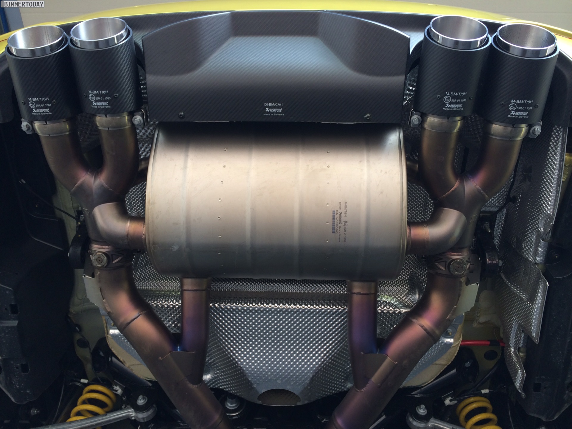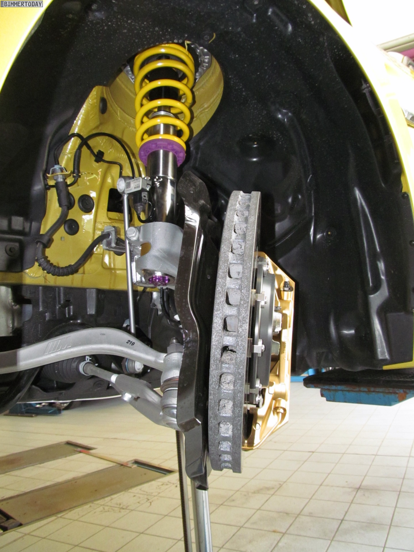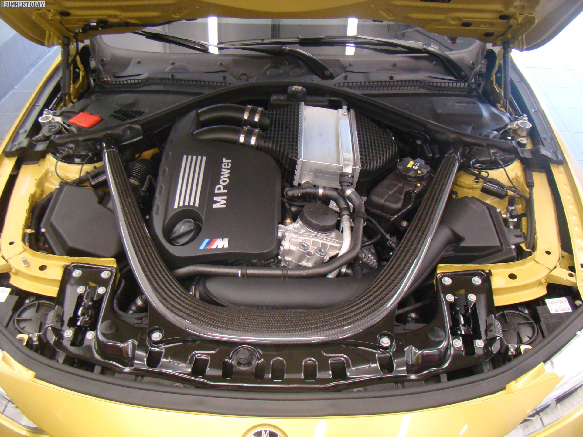 Aerodynamik und Optik profitieren darüber hinaus von den BMW M Performance Tuning-Anbauteilen, die wir bisher nicht in Kombination mit der Außenfarbe Austin Yellow zu Gesicht bekommen haben – Fotos eines weißen M Performance-M4 mit farbiger Dekor-Beklebung haben wir aber bereits vor einigen Wochen gezeigt.
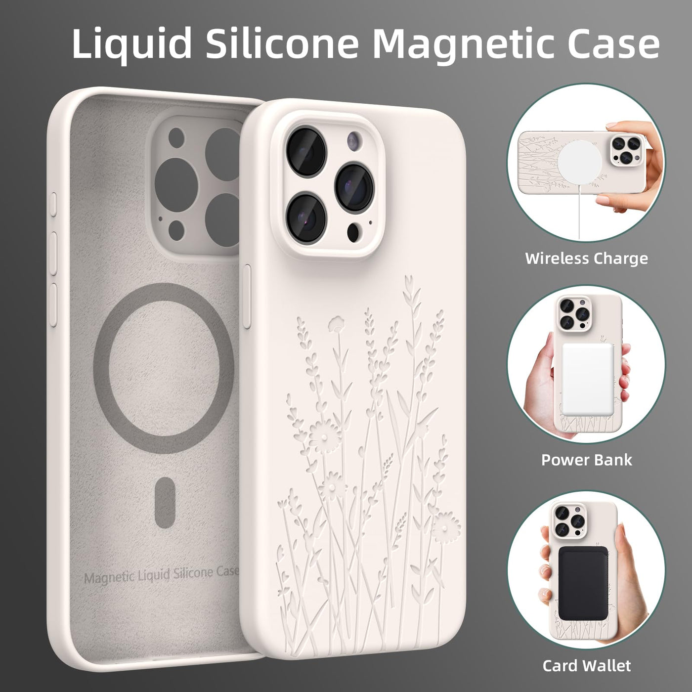 Oaoa Magnetic Case Compatible With Iphone 15 Pro Case 6.1Inch,Soft Liquid Silicone Engraved Case Compatible With Magsafe With Mi
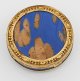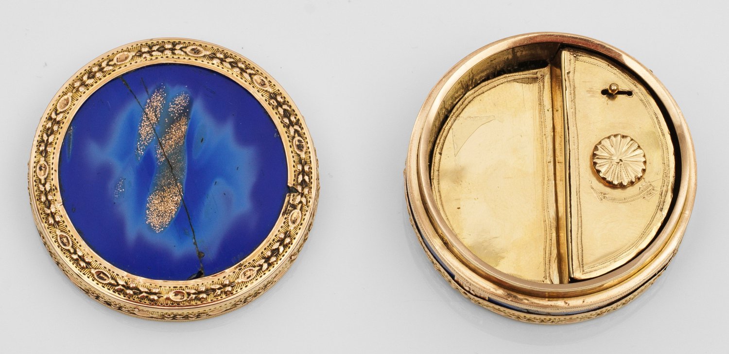 Rotgold und Aventuringlas. Runde Form mit Stulpdeckel. Wandung aus intensiv hell- und dunkelblauem Aventuringlas mit wolkenähnlichen, irisierend kupfer- und goldfarbenen Einschlüssen. Die Ränder gefasst mit zart getriebenen und ziselierten Ornamentbändern, verziert mit Blattranken und Punktedekor. Im Inneren eine kleine herausnehmbare Miniatur-Walzenspieluhr. Innenseiten mit Silberfolie ausgekleidet. Wandung teilw. gerissen; Teilw. undeutl. gest., Pächterstempel Henry Clavel (1783-1789) und Meister Jean-Francois Delanoy (tätig seit ca. 1785), Pariser Beschauzeichen mit Dat.; Gew. ca. 65 g. H. 1,5 cm. D. 4,5 cm.
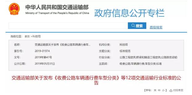 5月31日,交通運輸部發布《收費公路車輛通行費車型分類》行業標準的公告,這意味著按車(軸)型收取通行費,并且新的車型劃分標準已正式發布,新標即將進入施行階段!
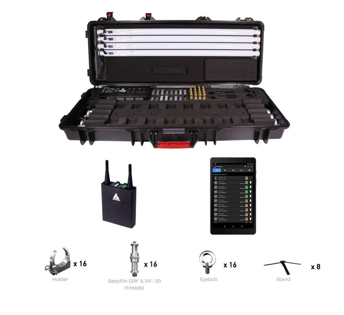 This Set of 8 Titan Tubes with Charging Case from Astera is a formidable setup destined for the road. The set includes eight Titan Tube LED lights and a hard, shippable charging case with a DMX-compatible PowerBox that can actually charge the tubes with them inside. Astera has provided a full array of mounting options including sixteen holders with cotter pins for truss mounting, and sixteen spigots for joining tubes together and to be used as mounting studs for the eight included floor stands.
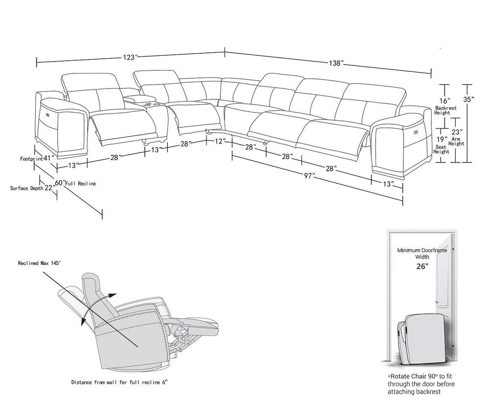 The beige leather power reclining l shaped seven piece corner sectional with console is spacious design meticulously crafted with extraordinary...
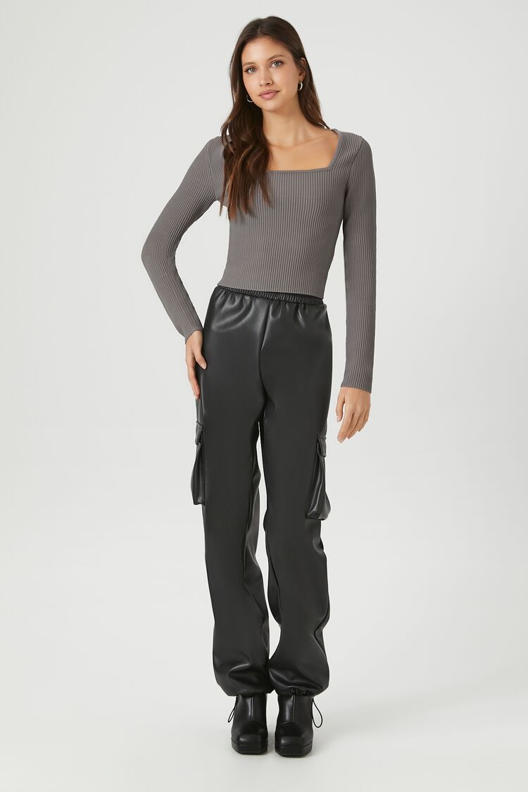 A ribbed knit sweater featuring a square neckline. long sleeves. and a fitted silhouette.
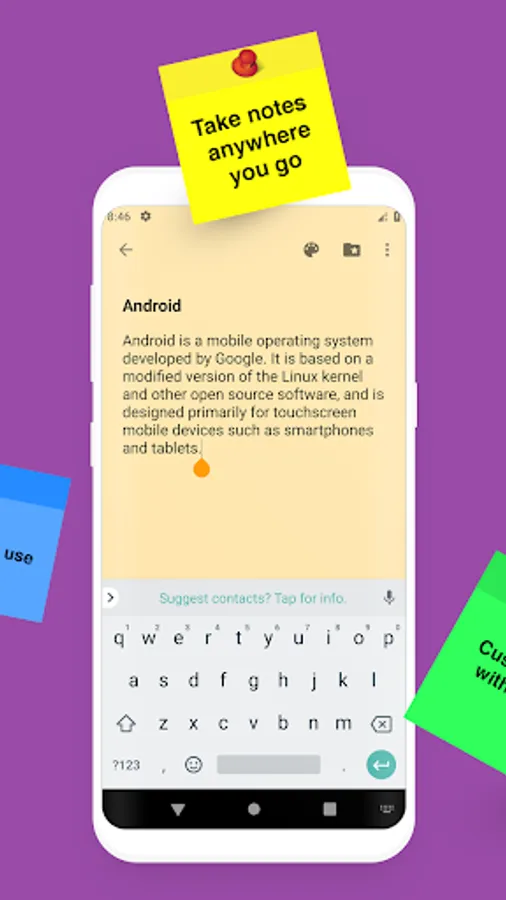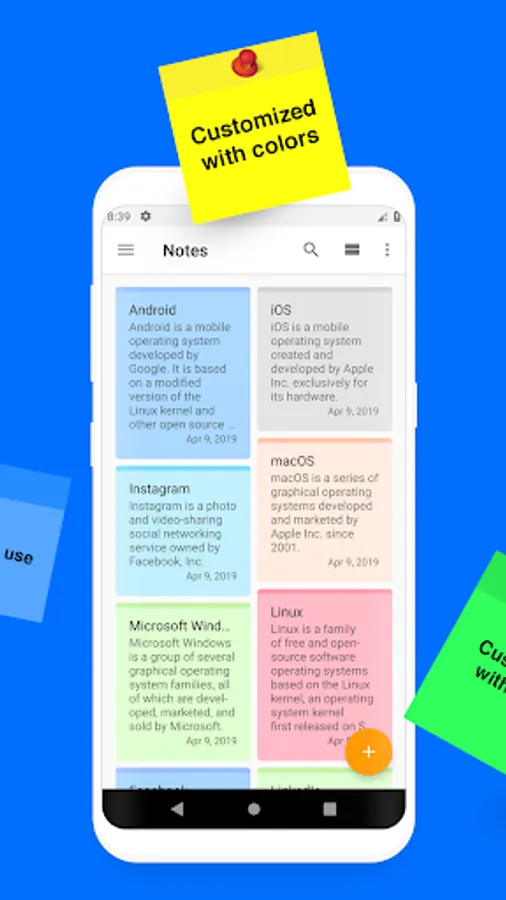 Notepad is a small and fast app to create, edit any notes in a simple way. With this note taking app, you can write notes, memos, messages, shopping lists and to-do lists.

--

Please print, exactly as given, the lines running from the beginning of the listing through the line containing "This Set of", omitting each picture.

**Expected answer:**
 Aerodynamik und Optik profitieren darüber hinaus von den BMW M Performance Tuning-Anbauteilen, die wir bisher nicht in Kombination mit der Außenfarbe Austin Yellow zu Gesicht bekommen haben – Fotos eines weißen M Performance-M4 mit farbiger Dekor-Beklebung haben wir aber bereits vor einigen Wochen gezeigt.
 Oaoa Magnetic Case Compatible With Iphone 15 Pro Case 6.1Inch,Soft Liquid Silicone Engraved Case Compatible With Magsafe With Mi
 Rotgold und Aventuringlas. Runde Form mit Stulpdeckel. Wandung aus intensiv hell- und dunkelblauem Aventuringlas mit wolkenähnlichen, irisierend kupfer- und goldfarbenen Einschlüssen. Die Ränder gefasst mit zart getriebenen und ziselierten Ornamentbändern, verziert mit Blattranken und Punktedekor. Im Inneren eine kleine herausnehmbare Miniatur-Walzenspieluhr. Innenseiten mit Silberfolie ausgekleidet. Wandung teilw. gerissen; Teilw. undeutl. gest., Pächterstempel Henry Clavel (1783-1789) und Meister Jean-Francois Delanoy (tätig seit ca. 1785), Pariser Beschauzeichen mit Dat.; Gew. ca. 65 g. H. 1,5 cm. D. 4,5 cm.
 5月31日,交通運輸部發布《收費公路車輛通行費車型分類》行業標準的公告,這意味著按車(軸)型收取通行費,并且新的車型劃分標準已正式發布,新標即將進入施行階段!
 This Set of 8 Titan Tubes with Charging Case from Astera is a formidable setup destined for the road. The set includes eight Titan Tube LED lights and a hard, shippable charging case with a DMX-compatible PowerBox that can actually charge the tubes with them inside. Astera has provided a full array of mounting options including sixteen holders with cotter pins for truss mounting, and sixteen spigots for joining tubes together and to be used as mounting studs for the eight included floor stands.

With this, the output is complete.